Brand and celebrity partnerships are difficult to get right. The key element is to make sure the person involved is related to the features of the product and the intended audience. Involving musician just for the sake of it can backfire; I've seen several tweets facetiously asking if BlackBerry’s Creative Director Alicia Keys actually has an office at her new digs.

Recently, Barclays decided to eschew pop culture, and go for a slightly more highbrow approach with an opera based on finance trading floors. Is Barclays and opera a good mix? The concept of this campaign is an effort to explain the realities of the trade market, investments and behavioural finance world, but it seems to be too experimental and frantic for people seriously engaged in trading, stock exchange and business related matters.

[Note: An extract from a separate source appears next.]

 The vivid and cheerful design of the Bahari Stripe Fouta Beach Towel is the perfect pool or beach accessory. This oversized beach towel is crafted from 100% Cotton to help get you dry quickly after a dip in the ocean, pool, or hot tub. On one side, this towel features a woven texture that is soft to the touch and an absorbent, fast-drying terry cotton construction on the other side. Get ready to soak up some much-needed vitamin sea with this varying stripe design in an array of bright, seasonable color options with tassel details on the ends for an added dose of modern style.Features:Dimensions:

It does attract attention from people interested in the arts and if the goal is to educate art fans about investment banking, then this certainly seems to fulfil the brief.

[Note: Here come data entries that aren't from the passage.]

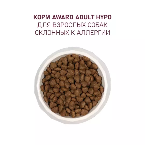 Сухой корм AWARD HYPO для взрослых собак всех пород с белой рыбой с добавлением брокколи, сельдерея и семян льна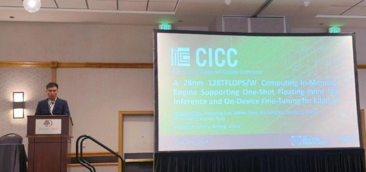 该工作以A 28nm 128TFLOPS/W Computing-In-Memory Engine Supporting One-Shot Floating-Point NN Inference and On-Device Fine-Tuning for Edge AI为题,发表于今年CICC,文章的第一作者是91视频 博士生刁海康,文章的通讯作者是91视频 人工智能研究院、91视频 唐希源研究员。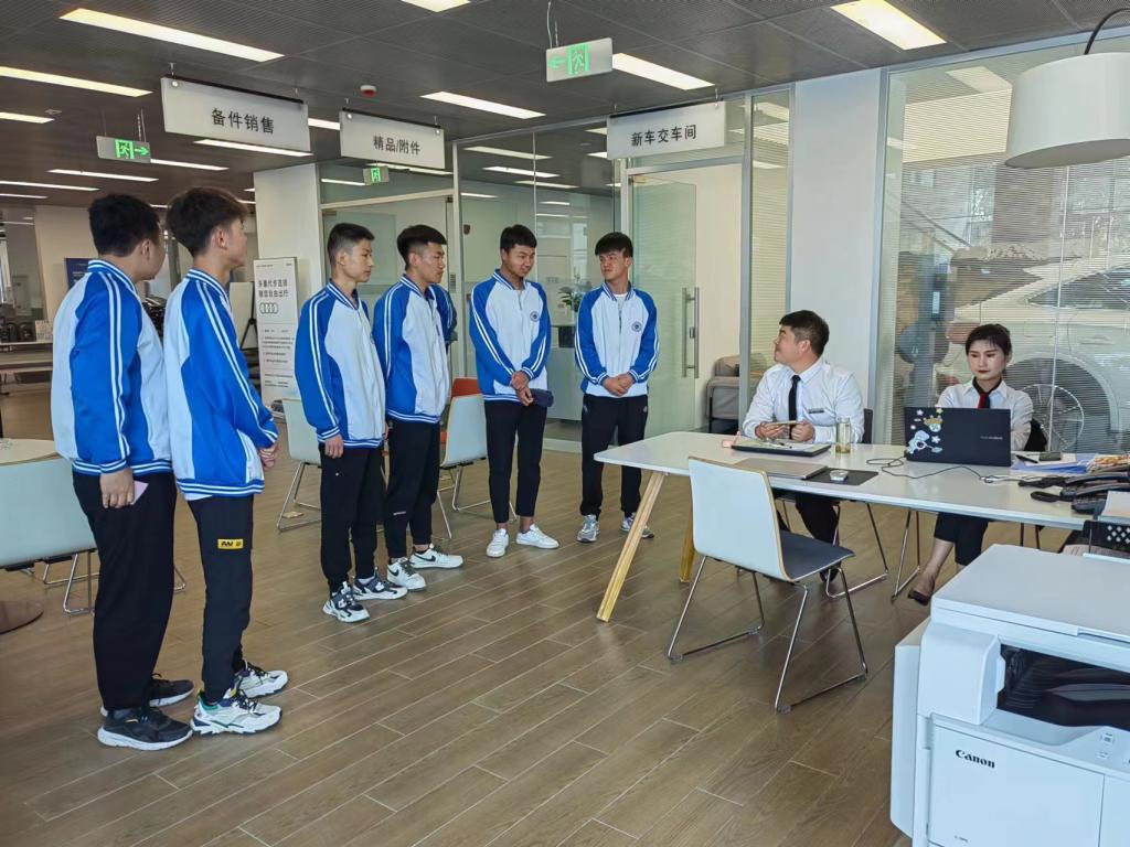 整个实训环节,由学院和企业共同制定实训计划、实施考核评价,完全按照奥迪4S店营销流程开展实训,共设有销售顾问、试驾、服务接待、服务顾问、机电维修等5个实训岗位。根据教学需要,分配工作任务,采用“师徒制”,实行“轮岗轮班制”的实训模式,使学生能够充分认识营销各岗位要求,切身体验4S店运营模式。实训期间,同学们积极向各岗位师傅请教学习,秉持“深学、真悟、勤问、善用”的实训态度。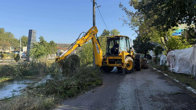 Изпомпването на вода от язовира продължава. Започна и почистването на наноси по пътя, който минава покрай стената.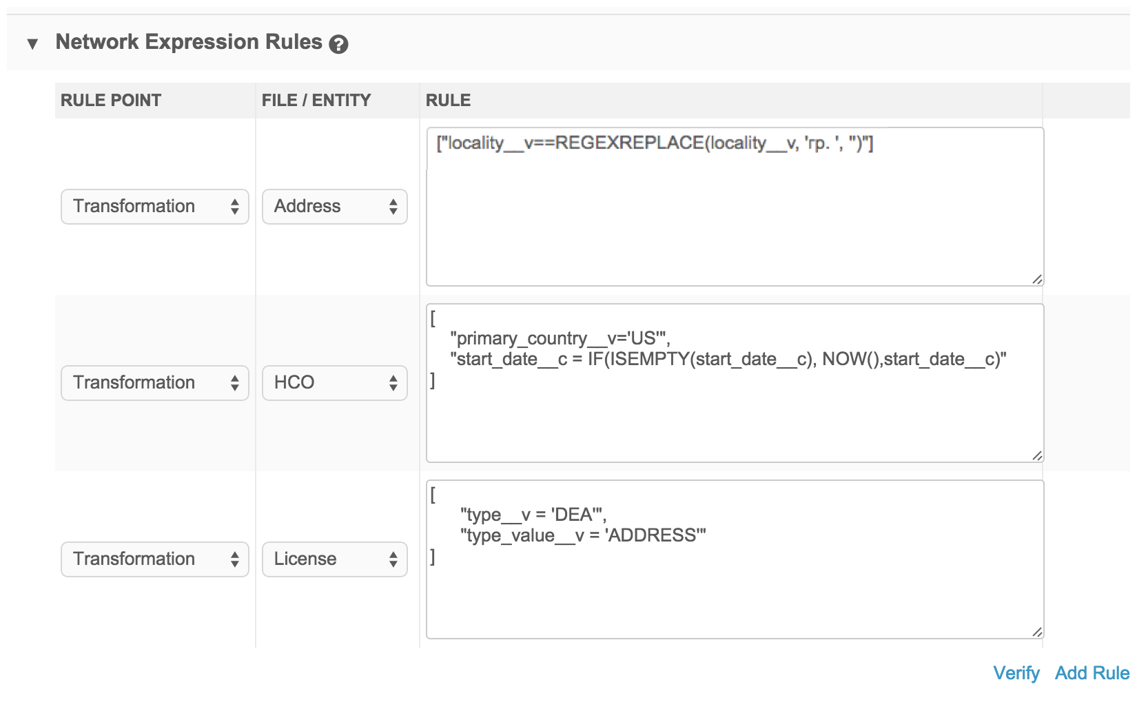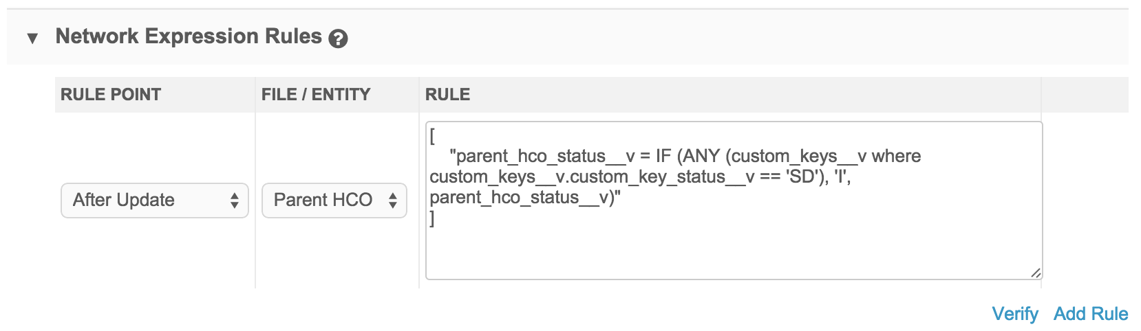 After update rules are applied after Network has joined files and matched and merged records. All functions are available and are applied to the post-merge state of the data. These rules only run on an entity for which data is being changed; If the import is identical to existing data, they will not run.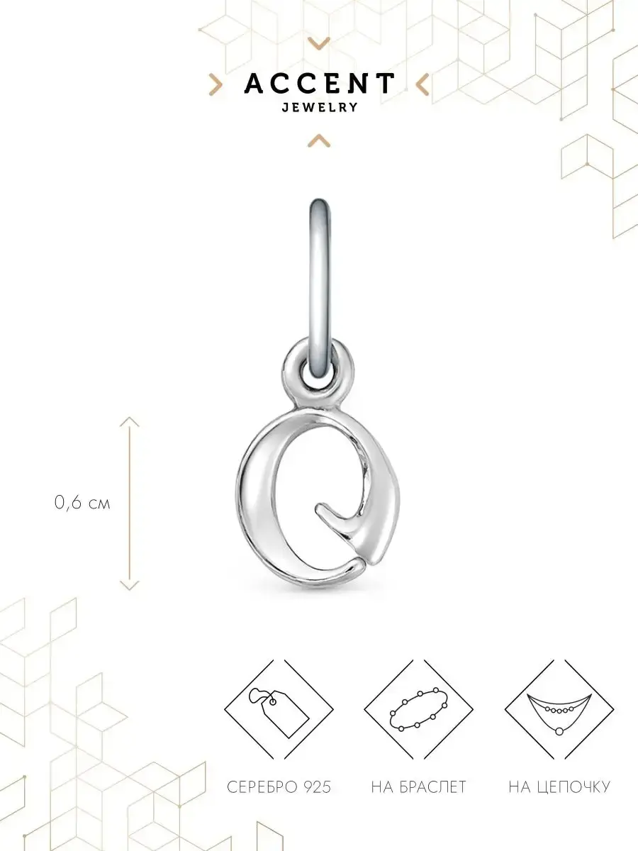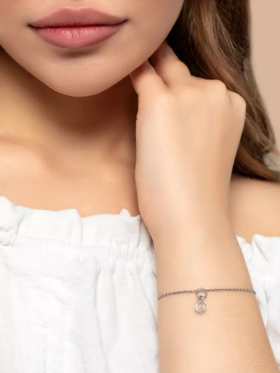 Ювелирная подвеска из серебра с буквой О подходит как для браслета, так и для цепочки.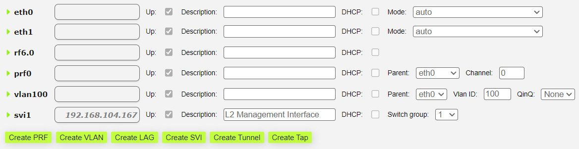 <table><thead><tr><th width="117">Interface</th><th>Description</th></tr></thead><tbody><tr><td><strong>ethX</strong></td><td><ul><li>Configure the IP address(es) and the mask of the interface.</li><li>The IP address(es) of the "<em>ethX"</em> interface is accessible via Ethernet LAN segment only (it won't be accessible via the "<em>rfX"</em>  interface from other neighbor unit).</li><li>The IP address(es) of the "<em>ethX"</em> interface is used in the routing process.</li><li>Enable/disable the interface.</li><li>Enable/disable DHCP - obtain an IP address automatically. DHCP option is disabled by default.</li><li>Set the interface description (up to 72 characters).</li><li><p>Set the interface mode (for example: 1000Base-TX-fullduplex):</p><ul><li>The default value is “<em>Auto</em>” (recommended)</li><li>Optical SFP modules may not work properly in auto-negotiation mode with some devices. In case of troubles with data transmission via the SFP port, it is recommended to set a fixed speed and duplex mode (for example, 1000BaseTX-fullduplex-manual).</li><li>Make sure the same duplex mode is set on both devices.</li></ul></li></ul></td></tr><tr><td><strong>rfX</strong></td><td><ul><li>Configure the IP address(es) and the mask of the interface.</li><li>Enable/disable the interface.</li><li>Enable/disable DHCP - obtain an IP address automatically. DHCP option is disabled by default.</li><li>Set the interface description (up to 72 characters).</li></ul></td></tr><tr><td><strong>sviX</strong></td><td><ul><li>SVI interface is a logical L3 interface of the switch (solely used for the management of the unit).</li><li>Configure the IP address(es) and the mask of the interface (as the management IP address(es) of the unit).</li><li>Enable/disable the interface.</li><li>Enable/disable DHCP - obtain an IP address automatically (as the management IP address(es) of the unit). DHCP option is disabled by default.</li><li>Set the interface description (up to 72 characters).</li><li>Remove the interface.</li><li>Set the Switch group number which this interface is assigned to (bind the SVI interface to a switch group).</li></ul></td></tr><tr><td><strong>prfX</strong></td><td><ul><li>PRF interface makes the Ethernet interface that it is assigned to, to appear as a regular RF interface in terms of the MINT network .</li><li>Configure the IP address(es) and the mask of the interface.</li><li>Enable/disable the interface.</li><li>Enable/disable DHCP - obtain an IP address automatically.</li><li>Set the interface description (up to 72 characters).</li><li>Remove the interface.</li><li>Set the parent interface to be transmitted the encapsulated packets (assign the PRF interface to the physical Ethernet interface).</li><li>Set the channel number (from 0 to 3) on which the frames are sent and received by the parent interface.</li><li>Both PRF interfaces (of the two units in the link) must have the same channel assigned in order to establish the wireless link.</li></ul></td></tr><tr><td><strong>vlanX</strong></td><td><ul><li>Configure the IP address(es) and the mask of the interface in case you use this interface for the management of the unit, only (not recommended way).</li><li>Enable/disable the interface.</li><li>Enable/disable DHCP - obtain an IP address automatically.</li><li>Set the interface description (up to 72 characters).</li><li>Remove the interface.</li><li>Set the parent interface to be transmitted the encapsulated packets.</li><li>Configure the VLAN tag (or VLAN ID) for the current interface (from 1 to 4094).</li><li><p>In the drop-down window, you can select the vlan interface operation mode:</p><ul><li>802.1q - vlan tag operations are performed according to this standard;</li><li>802.1ad - double tagging "QinQ";</li><li>802.1ah - backbone bridge using mac-in-mac technology described by the IEEE 802.1ah-2008 standard.</li></ul></li></ul></td></tr><tr><td><strong>lagX</strong></td><td><ul><li>Link aggregation interface is a logical interface used to combine multiple physical channels into one logical channel in order to increase link capacity and redundancy (for the units with two physical Ethernet ports).</li><li>Configure the IP address(es) and the mask of the interface.</li><li>Enable/disable the interface.</li><li>Enable/disable DHCP - obtain an IP address automatically.</li><li>Set the interface description (up to 72 characters).</li><li>Remove the interface.</li><li>Set the parent interface to be aggregated the encapsulated packets.</li><li>Enable/disable Fast Mode.</li></ul></td></tr><tr><td><strong>tunX</strong></td><td><ul><li>Configure the IP address(es) and the mask of the interface.</li><li>Enable/disable the interface.</li><li>Enable/disable DHCP - obtain an IP address automatically.</li><li>Set the interface description (up to 72 characters).</li><li>Remove the interface.</li><li>Set the tunneling mode: IPIP or GRE.</li></ul></td></tr><tr><td><strong>tapX</strong></td><td><ul><li>Configure the IP address(es) and the mask of the interface.</li><li>Enable/disable the interface.</li><li>Enable/disable DHCP - obtain an IP address automatically.</li><li>Set the interface description (up to 72 characters).</li><li>Remove the interface.</li></ul></td></tr></tbody></table>

I have a nagging suspicion that those in the investment business would be better targeted with a more new media approach, and it’s possibly too confusing and involved for newcomers to the financial world. The campaign demands familiarity with terms and practices of the trade - and as I can recall from my early-age experiences at the opera, when you're trying to get a grasp of the story - singing about matters in an operatic manner doesn't make things any clearer.

The exhibition element of the campaign is a different approach to visualising data and explaining things. It works well on a certain level, the way the ideas are displayed as paintings and works of art is appealing and positions Barclays a clever, more cultured banking name, with enough ideas to connect entertainment and business, educational and informational matters. But there is a question of inaccessibility of the exhibition to larger audiences.

Sometimes, the link between brand and musician defies all the rules, but still somehow fits. The UK's Milk Marketing Forum has for some time now been running its 'Make Mine Milk' campaign, which features a variety of high profile individuals sporting milk moustaches in an attempt to promote the nutritional values of milk while at the same time making it a cool alternative to fizzy drinks. Names to have taken part so far include Denise Lewis and a number of Team GB athletes from the London 2012 Olympics and, most recently, X-Factor pop star Amelia Lily – who somehow just seems more Labrini than Gold Top.

Perhaps one of the most unusual combinations has to be Dulux paint and one of the members of Girls Aloud, Nicola Roberts. Dulux has enlisted the famously pale and ginger singer to front its new shade of indigo paint in a series of arty (what they call 'editorial' on America's Next Top Model) images. This may sound ridiculous, but when you analyse it, the pairing actually makes a lot of sense. Girls Aloud are very much in the press due to their recent farewell tour and subsequent split. Roberts isn't known for her interior decorating skills, but she does have an association with unconventional and high-end fashion through her dealings with Vivienne Westwood and indigo is a relatively unconventional paint colour. The images look like something from a Westwood catalogue, and extend the atmosphere of haute couture into the usually traditional (sometimes mundane) world of paint advertising.

What the Dulux campaign shows, is that the brand-artist connection doesn't have to be an immediately obvious one. Consumers who are fans of a particular artist will spot the connection, and those who don't recognise the artist can still appreciate the creative.

Brands and pop culture figures are always going be an attractive partnership, but the days of global brand campaigns fronted by superstars could well be over. We still talk about the Pepsi ads with Michael Jackson from the 80s – but most people would struggle to name a similar partnership since 2000 (we’ll see how long the Pepsi-Beyonce collaboration lasts). Thanks to online channels, brands can now exploit relationships with niche artists to reach passionate niche audiences. It means some risks – but risks can be invigorating, and surely that's something all brands want in their advertising?